CHC/SEK staff help build stronger communities 

CHW LeAndra Hancock volunteers as firefighter

(EDITOR’S NOTE: Across our region, CHC/SEK employees are making positive impacts within their communities, both at work and as volunteers. We’re proud of their personal investment and the contributions they bring to better their hometowns.) 

Volunteer Firefighter LeAndra Hancock’s Active 911 notifications sound on her phone, and off she goes to fight fires in the rural Allen County area.    

Similarly, that’s how her day job goes too.   

Work is hardly typical as she assists patients with various needs as a Community Health Worker at CHC/SEK. She provides food for patients in need from the pantry, visits with uninsured patients about their insurance options, help patients find transportation — sometimes providing the transportation— prescription assistance, and much more.   

In fact, in the short 35 minutes she was interviewed, she was pulled away twice to assist a patient that needed food pantry items and another who needed to find a way home from their doctor’s appointment.   

“It’s the connection that I like with the patients. I like to know more about them than just their need,” she says, adding that these connections make patients more comfortable visiting and asking for help. Some regularly come to her office just to talk. “I’m able to celebrate with them and see them go from point a to b.”  

LeAndra grew up in the small town of Hartford outside of Emporia. Her mother worked as a Special Education Teacher and her father worked at the National Wildlife Refuge. They volunteered at their hometown’s volunteer firefighter/first responder department. It only made sense to LeAndra to follow in their footsteps as a volunteer firefighter/first responder when she was older.   

“It’s always been part of my life,” she says. “I always knew that when I got the chance, I was going to do it.”   

Her parents would often have her participate in Firefighter/First Responder training classes.  

“They would always use me as the ‘dummy’,” LeAndra says. They have put her in cars to demonstrate how to use the Jaws of Life. And they put her on countless backboards. “They made a point to lift me upside down on the board because if you do not strap them in carefully, the patient will fall out.”   

Along with being part of her parents’ volunteering, another impactful moment that encouraged her to go into firefighting was when her aunt’s house caught fire when she was young, who happened to be a neighbor.   
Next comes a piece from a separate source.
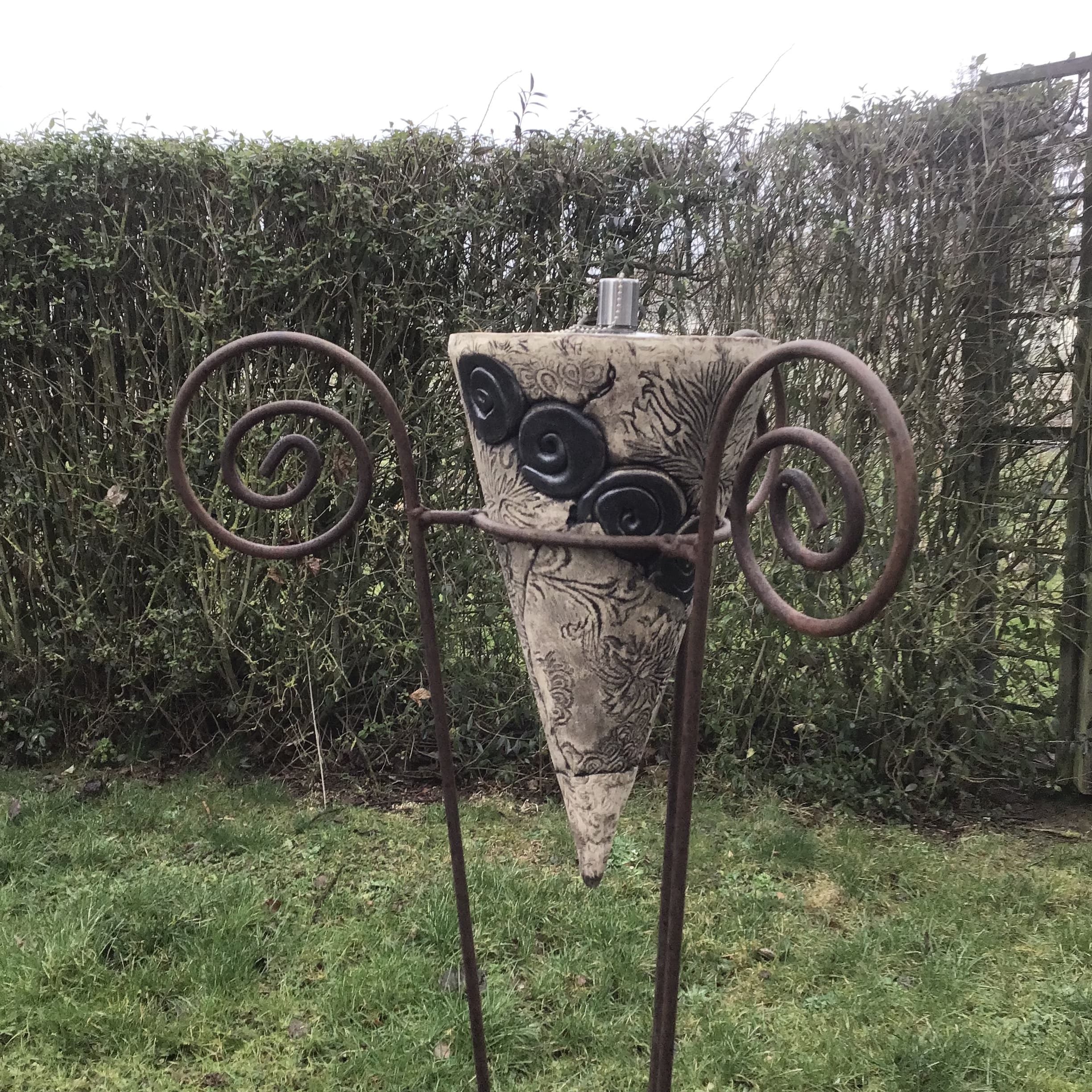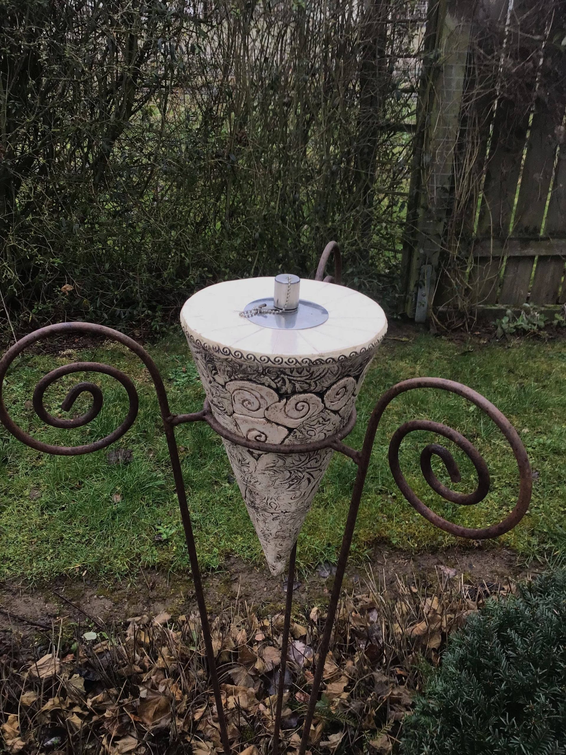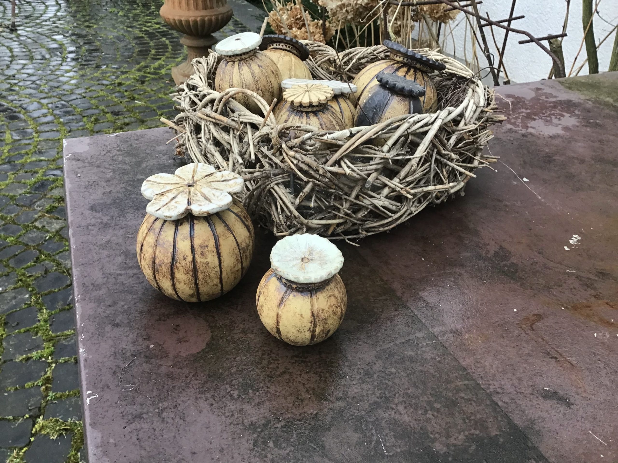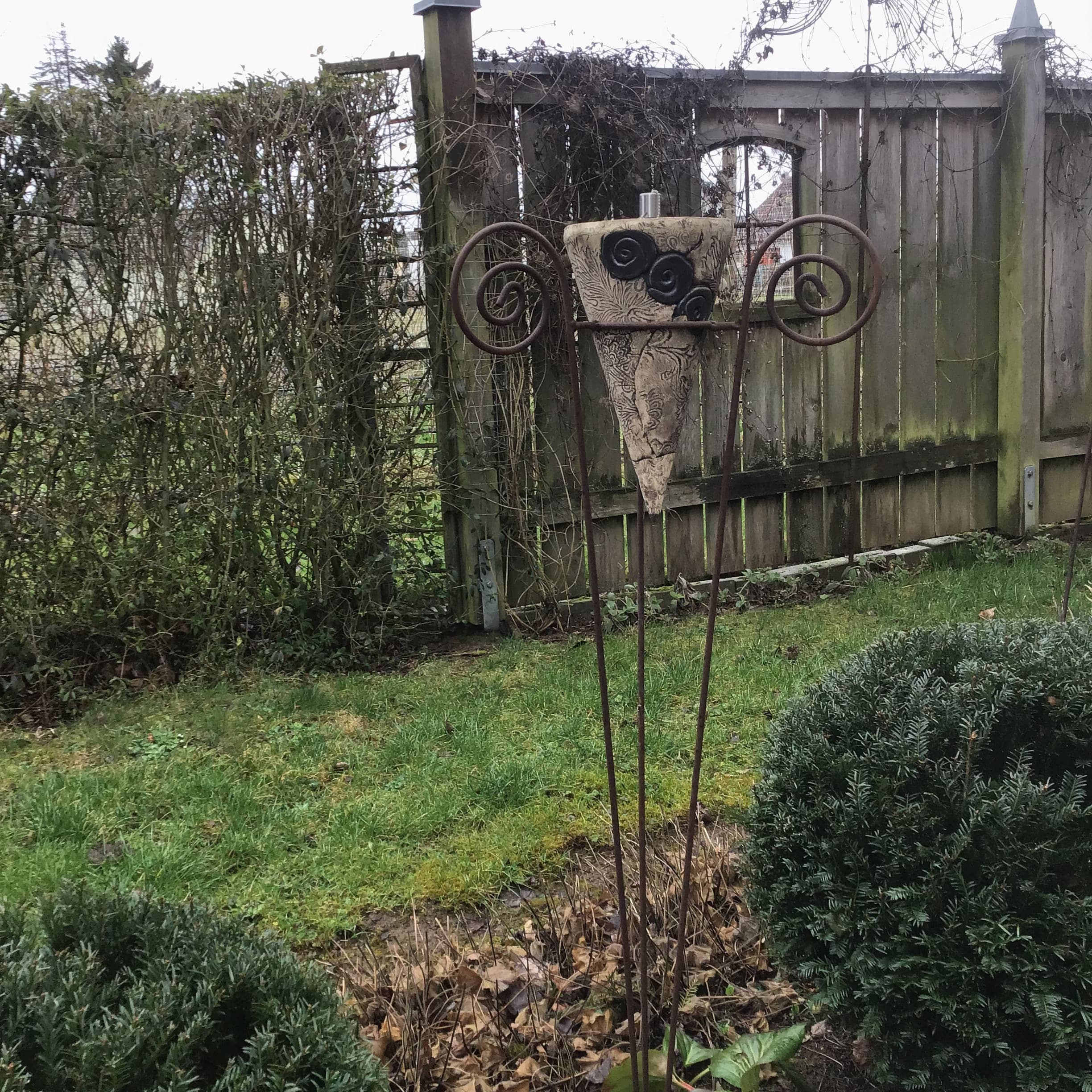 Schon sehr lange begeistert mich das kreative Gestalten mit dem Werkstoff Ton. Immer mal wieder besuchte ich schon in jungen Jahren Töpferkurse bei der VHS, konnte dadurch meine handwerklichen Fähigkeiten verfeinern, vieles dazulernen, was am Ende meine Kreativität noch beflügelte. Meine Arbeit im Garten, an der frischen Luft und in der Natur geben mir ständig neue Inspirationen, die nach Umsetzung rufen und gerne von mir erhört werden.Sehr oft trifft dabei meine fertige Töpferarbeit auf die Materialien Holz und Eisen, dessen Verbindung ich besonders spannend finde. Hier erhalte ich Unterstützung von meinem Mann, der die beiden Werkstoffe Holz und Metall gerne verarbeitet.

“That was really dramatic,” LeAndra says. “I’ve seen house fires from far away and everything, but being really close was different. It’s crazy how fast the house filled with smoke and how quickly it caught fire everywhere. We did not have much time to get much of anything out.”   

As a rural volunteer firefighter, LeAndra commonly responds to grass fires, house fires and assists other emergency departments. If she can go, she notifies her Active 911 phone application that she’s responding to the fire. She puts on her specially fitted gear and jumps in the truck.   

Recently, LeAndra was also added to her hometowns Firefighter/First Responder Department as an Auxiliary member. Now, when she is home with family, she can join her family in helping the needs of the community she grew up in.   

LeAndra says it’s possible to work full-time, be a volunteer firefighter and mom of two. It’s just important to balance your time. LeAndra encourages people to take care of themselves.   

“Give yourself a break, and enjoy your family and your ‘you’ time,” she says. “Especially in the helping professions, we’re very giving, and we forget to take care of ourselves.”